To do – Output exactly, in the material below, the lines from the one with "Großes Beitragsfoto: Designerin" through the one with "12674 Roba Ve". Omit all pictures.

Exercise input –

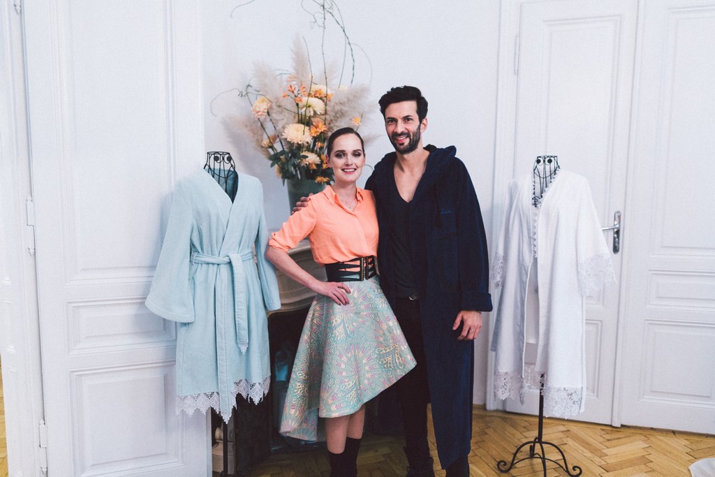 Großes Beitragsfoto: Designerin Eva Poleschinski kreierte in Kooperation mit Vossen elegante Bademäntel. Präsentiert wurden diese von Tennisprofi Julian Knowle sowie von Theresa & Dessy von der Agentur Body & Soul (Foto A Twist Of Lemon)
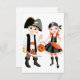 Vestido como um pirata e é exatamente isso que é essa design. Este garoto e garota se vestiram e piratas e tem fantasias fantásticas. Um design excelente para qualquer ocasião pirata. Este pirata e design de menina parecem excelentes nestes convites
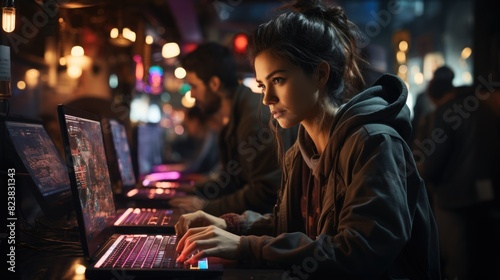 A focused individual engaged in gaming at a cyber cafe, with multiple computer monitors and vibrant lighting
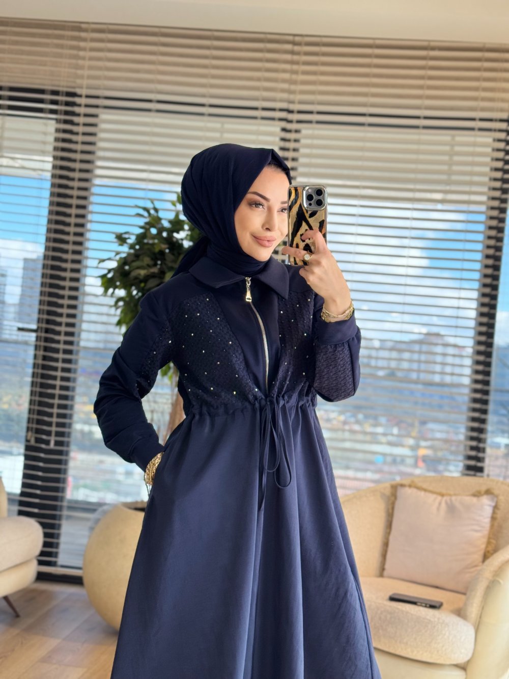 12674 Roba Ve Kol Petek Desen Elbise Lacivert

==

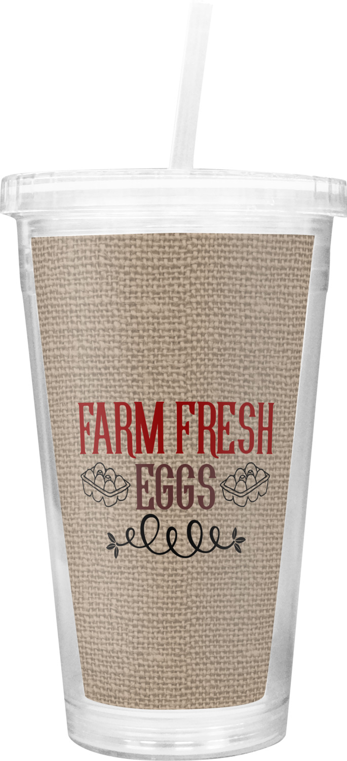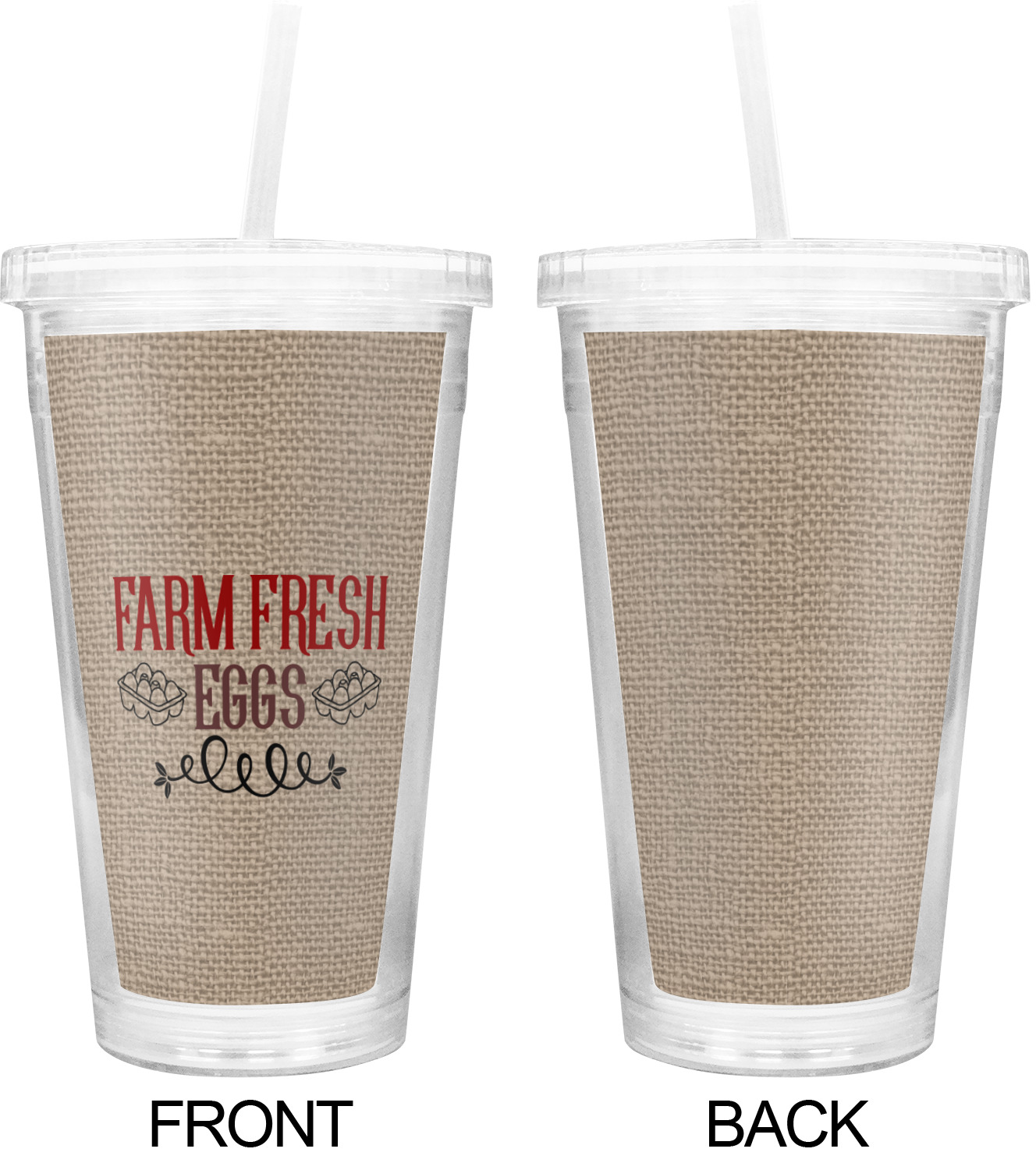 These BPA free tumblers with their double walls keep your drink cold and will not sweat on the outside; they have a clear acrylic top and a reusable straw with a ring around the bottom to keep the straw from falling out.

Response –
 Großes Beitragsfoto: Designerin Eva Poleschinski kreierte in Kooperation mit Vossen elegante Bademäntel. Präsentiert wurden diese von Tennisprofi Julian Knowle sowie von Theresa & Dessy von der Agentur Body & Soul (Foto A Twist Of Lemon)
 Vestido como um pirata e é exatamente isso que é essa design. Este garoto e garota se vestiram e piratas e tem fantasias fantásticas. Um design excelente para qualquer ocasião pirata. Este pirata e design de menina parecem excelentes nestes convites
 A focused individual engaged in gaming at a cyber cafe, with multiple computer monitors and vibrant lighting
 12674 Roba Ve Kol Petek Desen Elbise Lacivert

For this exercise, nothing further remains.